[Records from a dataset]
↓↓↓

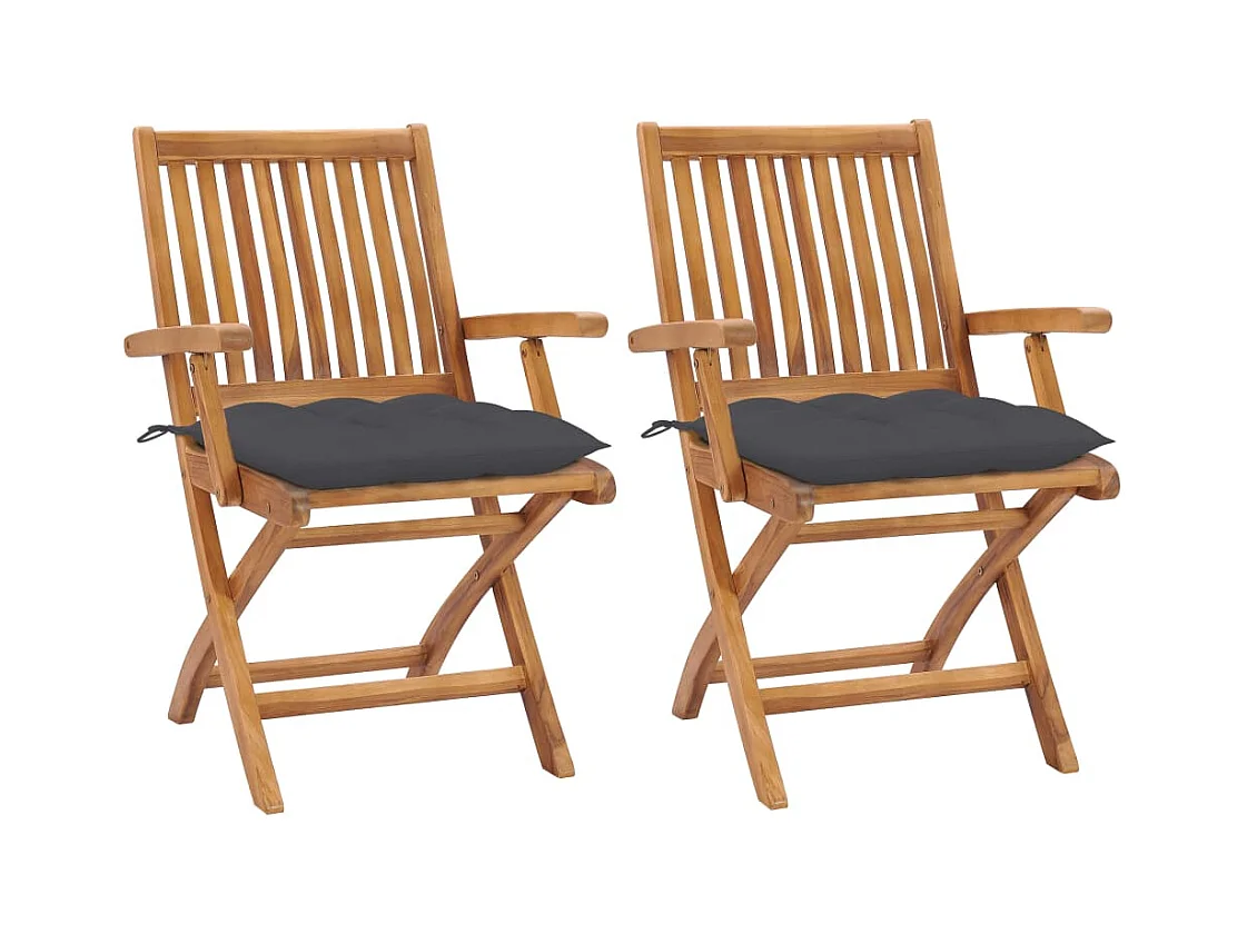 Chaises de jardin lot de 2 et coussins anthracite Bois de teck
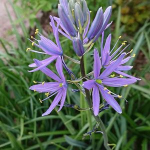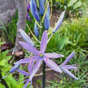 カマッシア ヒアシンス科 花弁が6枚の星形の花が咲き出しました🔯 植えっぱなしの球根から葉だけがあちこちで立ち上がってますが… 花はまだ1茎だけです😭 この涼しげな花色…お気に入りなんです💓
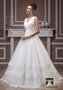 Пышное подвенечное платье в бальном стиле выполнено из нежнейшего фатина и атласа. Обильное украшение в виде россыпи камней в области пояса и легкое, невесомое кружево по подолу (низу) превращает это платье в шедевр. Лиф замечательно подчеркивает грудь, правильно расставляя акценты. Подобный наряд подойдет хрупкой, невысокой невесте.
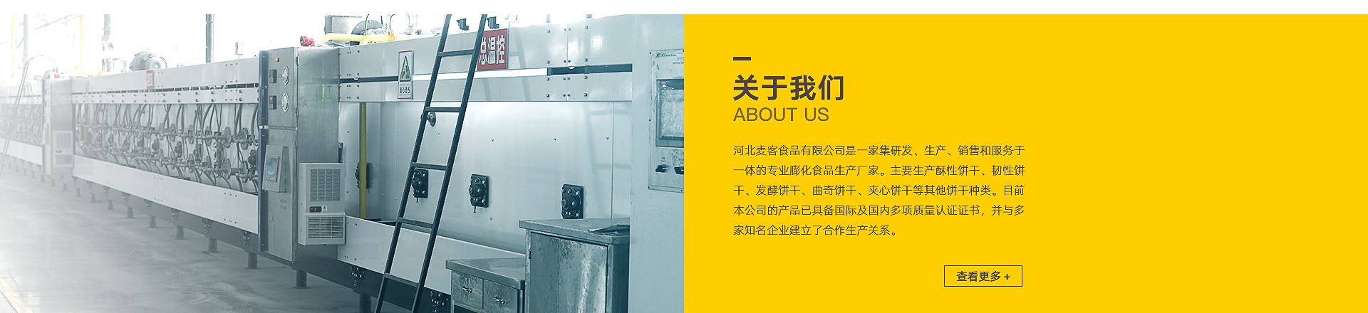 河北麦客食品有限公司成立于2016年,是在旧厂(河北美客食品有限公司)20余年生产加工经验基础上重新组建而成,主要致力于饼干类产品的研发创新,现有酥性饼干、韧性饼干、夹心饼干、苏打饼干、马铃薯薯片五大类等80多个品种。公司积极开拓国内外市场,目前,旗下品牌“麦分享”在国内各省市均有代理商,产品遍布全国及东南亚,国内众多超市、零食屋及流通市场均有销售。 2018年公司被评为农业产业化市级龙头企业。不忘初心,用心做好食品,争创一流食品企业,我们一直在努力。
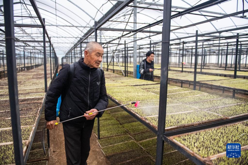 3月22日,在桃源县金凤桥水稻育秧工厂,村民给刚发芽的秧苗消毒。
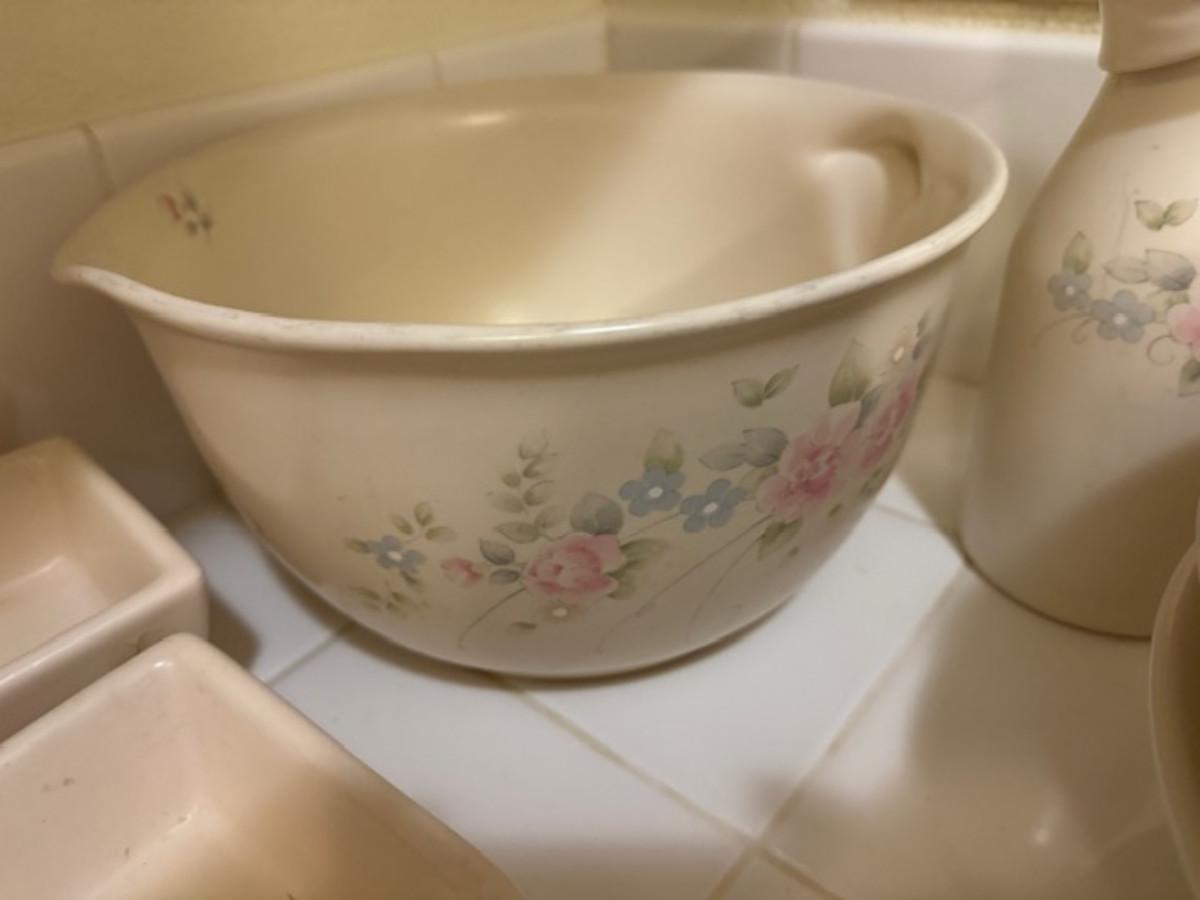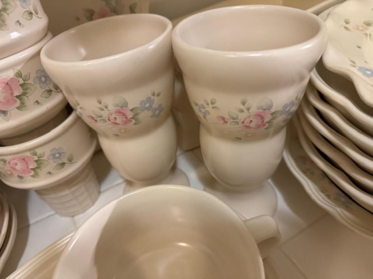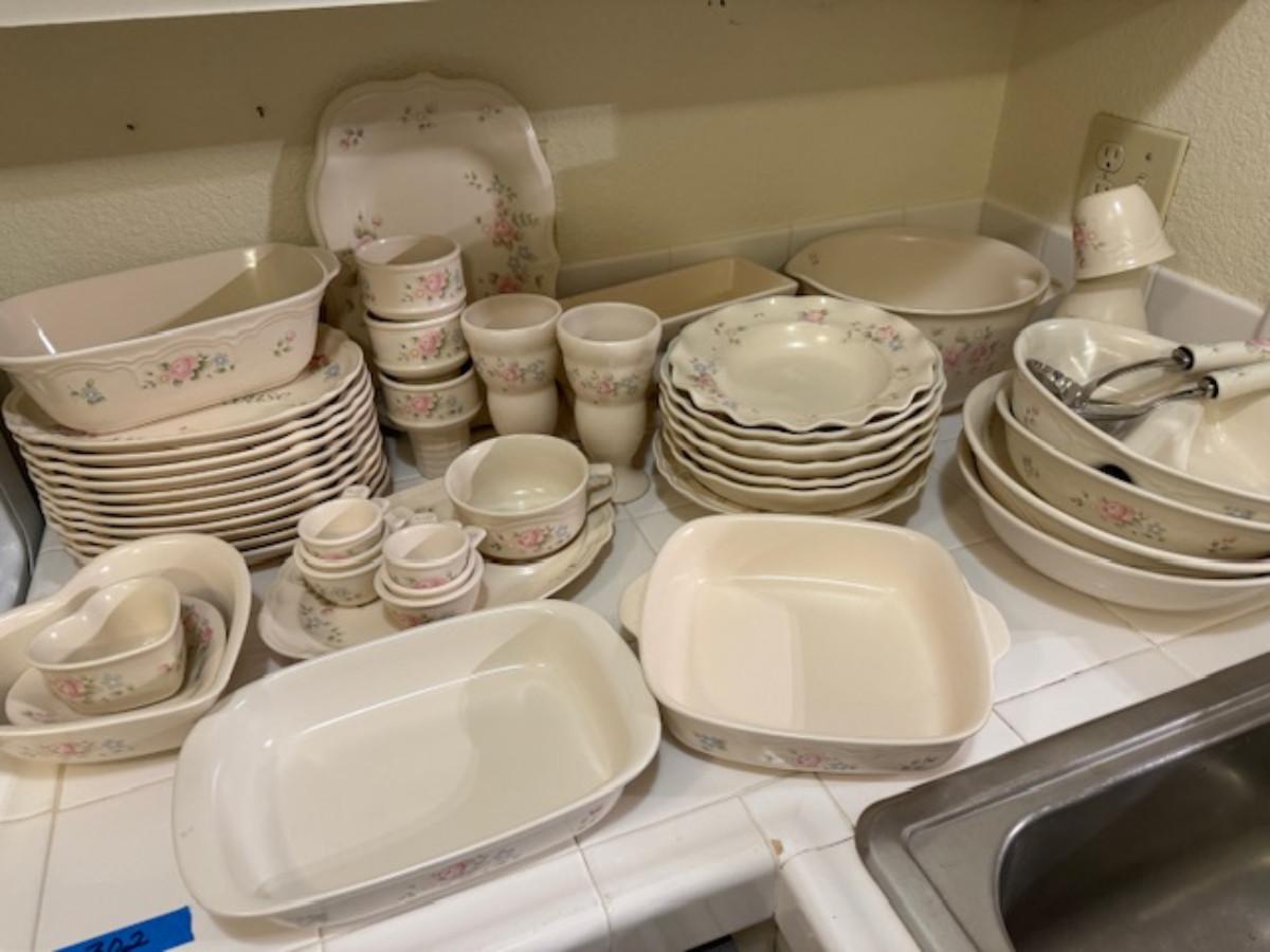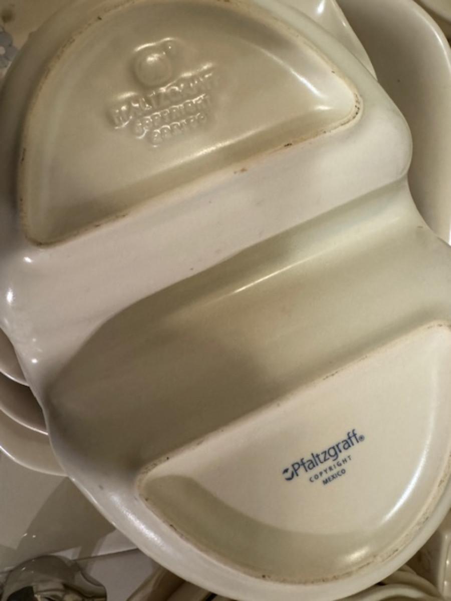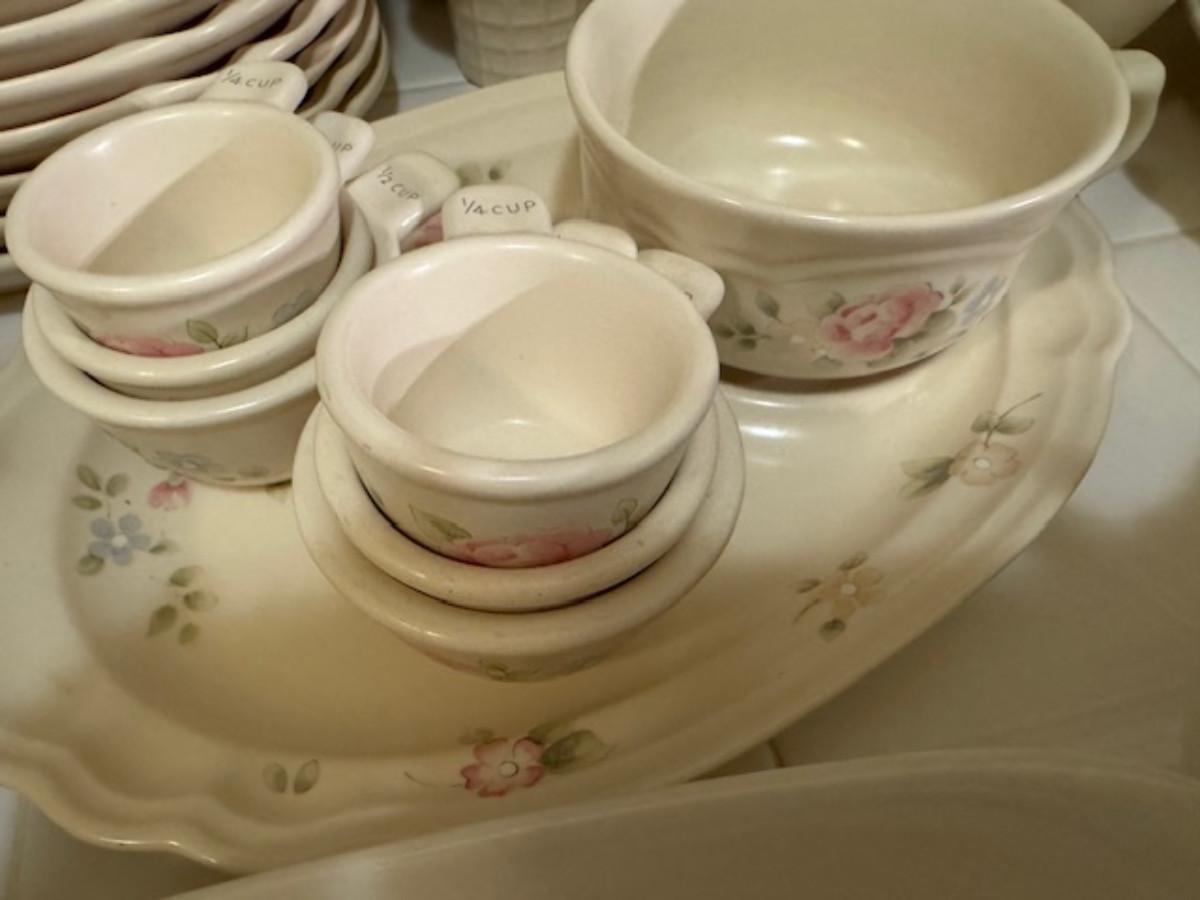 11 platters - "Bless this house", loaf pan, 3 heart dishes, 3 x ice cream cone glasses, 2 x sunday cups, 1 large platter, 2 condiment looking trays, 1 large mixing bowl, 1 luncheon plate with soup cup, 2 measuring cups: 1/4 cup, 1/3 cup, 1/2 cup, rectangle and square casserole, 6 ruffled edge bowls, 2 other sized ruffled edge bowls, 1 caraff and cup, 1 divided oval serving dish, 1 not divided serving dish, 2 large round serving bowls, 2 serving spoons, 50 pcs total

↑↑↑

**INSTRUCTIONS FOR THE TASK:** Each line of the data above is to be output exactly; the pictures are not to appear.

**TASK RESULT:**
 Chaises de jardin lot de 2 et coussins anthracite Bois de teck
 カマッシア ヒアシンス科 花弁が6枚の星形の花が咲き出しました🔯 植えっぱなしの球根から葉だけがあちこちで立ち上がってますが… 花はまだ1茎だけです😭 この涼しげな花色…お気に入りなんです💓
 Пышное подвенечное платье в бальном стиле выполнено из нежнейшего фатина и атласа. Обильное украшение в виде россыпи камней в области пояса и легкое, невесомое кружево по подолу (низу) превращает это платье в шедевр. Лиф замечательно подчеркивает грудь, правильно расставляя акценты. Подобный наряд подойдет хрупкой, невысокой невесте.
 河北麦客食品有限公司成立于2016年,是在旧厂(河北美客食品有限公司)20余年生产加工经验基础上重新组建而成,主要致力于饼干类产品的研发创新,现有酥性饼干、韧性饼干、夹心饼干、苏打饼干、马铃薯薯片五大类等80多个品种。公司积极开拓国内外市场,目前,旗下品牌“麦分享”在国内各省市均有代理商,产品遍布全国及东南亚,国内众多超市、零食屋及流通市场均有销售。 2018年公司被评为农业产业化市级龙头企业。不忘初心,用心做好食品,争创一流食品企业,我们一直在努力。
 3月22日,在桃源县金凤桥水稻育秧工厂,村民给刚发芽的秧苗消毒。
 11 platters - "Bless this house", loaf pan, 3 heart dishes, 3 x ice cream cone glasses, 2 x sunday cups, 1 large platter, 2 condiment looking trays, 1 large mixing bowl, 1 luncheon plate with soup cup, 2 measuring cups: 1/4 cup, 1/3 cup, 1/2 cup, rectangle and square casserole, 6 ruffled edge bowls, 2 other sized ruffled edge bowls, 1 caraff and cup, 1 divided oval serving dish, 1 not divided serving dish, 2 large round serving bowls, 2 serving spoons, 50 pcs total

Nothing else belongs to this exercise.